Segundo Renata Gaspar, diretora de produtos e marketing do grupo de sistemas pessoais (PSG) da HP, o mercado de pequenos integradores e revendas começa a acordar para as vantagens de trabalhar com um produto com nome e garantia da HP, em vez de equipamentos montados ou mesmo oriundos do mercado cinza.

Uma das peças chave dessa estratégia são os PCs de baixo custo da empresa. Um exemplo é o dx2025 – apelidado por alguns de Barebone HP –, que na versão mais simples permite que as revendas agreguem valor ao produto na forma de serviços ou itens adicionais, como mais memória ou uma placa de vídeo mais veloz, sem comprometer a garantia original do produto. “Com isso, as revendas têm possibilidades de ganhar novos clientes que valorizam produtos de marca”, afirma a executiva da HP.

Renata diz que a idéia agora seria ensinar essas empresas a tirar melhor proveito (e dinheiro) desse relacionamento. Para isso, a HP criou um grupo de 12 profissionais para visitar algo em torno de 600 revendas e integradores brasileiros que a HP considera com potencial de crescimento.

A idéia é que esses promotores, ou evangelistas como dizem os americanos, visitem cada uma dessas empresas para demonstrar os produtos e serviços da HP, ficando a critério de cada uma adotar ou não a estratégia. Caso adotem, o grupo irá capacitar esses canais para trabalhar com os produtos da HP, o que inclui o fornecimento de material de marketing e até treinamento de técnicas de venda.

Além disso, a HP deseja utilizar essas revendas como fonte de informação para entender as necessidades desses pequenos negócios de duas ou três pessoas que vendem seus produtos para todo tipo de cliente na vizinhança, seja uma pessoa física ou jurídica como a padaria da esquina, supermercado do bairro ou escritório de advocacia.

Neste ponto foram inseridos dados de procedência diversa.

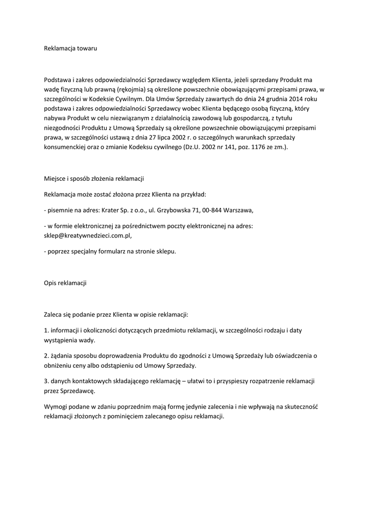 Reklamacja towaru - Kreatywne Dzieci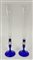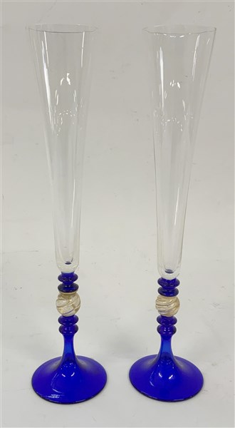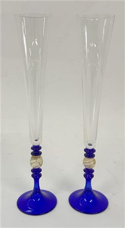 Due calici in vetro soffiato trasparente incolore con base in vetro soffiato trasparente blu e incolore con applicazione di foglia d'oro. Murano, anni 2000. Firmati all'acido sotto la base. (h cm 33,5)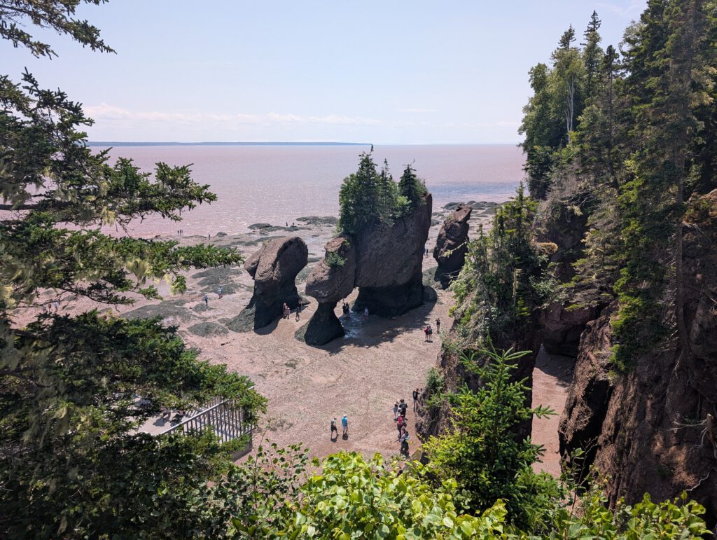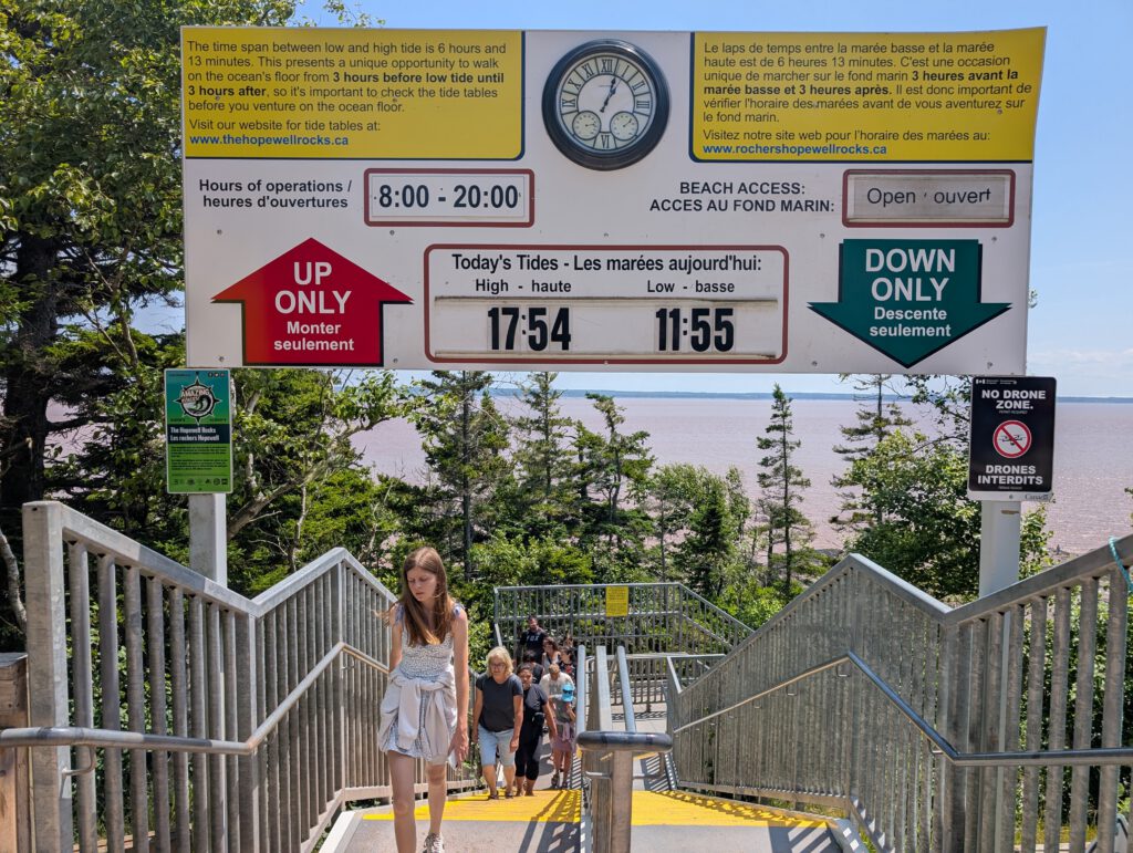 Entfernungen darf man in Kanada nicht unterschätzen, es gibt andere Tempolimits als in Deutschland und über viele Flüsse führen schlicht keine Brücken. Daher brauchen wir für die 60 Kilometer zum Park der Hopewell Rocks über eine Stunde. Dabei gibt es einen engen Zeitplan: Die Felsformationen sind nur während der Ebbe aus der Nähe zu besichtigen, diese ist um 11.55 Uhr.

Ao mesmo tempo, a HP deseja ouvir dessas revendas qual é a percepção desse mercado para os produtos e serviços da HP. E, o mais importante, o que os impede de fazer mais negócios com a HP tanto como empresa quanto como consumidores finais. “A HP deseja quebrar essas barreiras, ampliando ainda mais a integração com esse mercado”, afirma a executiva.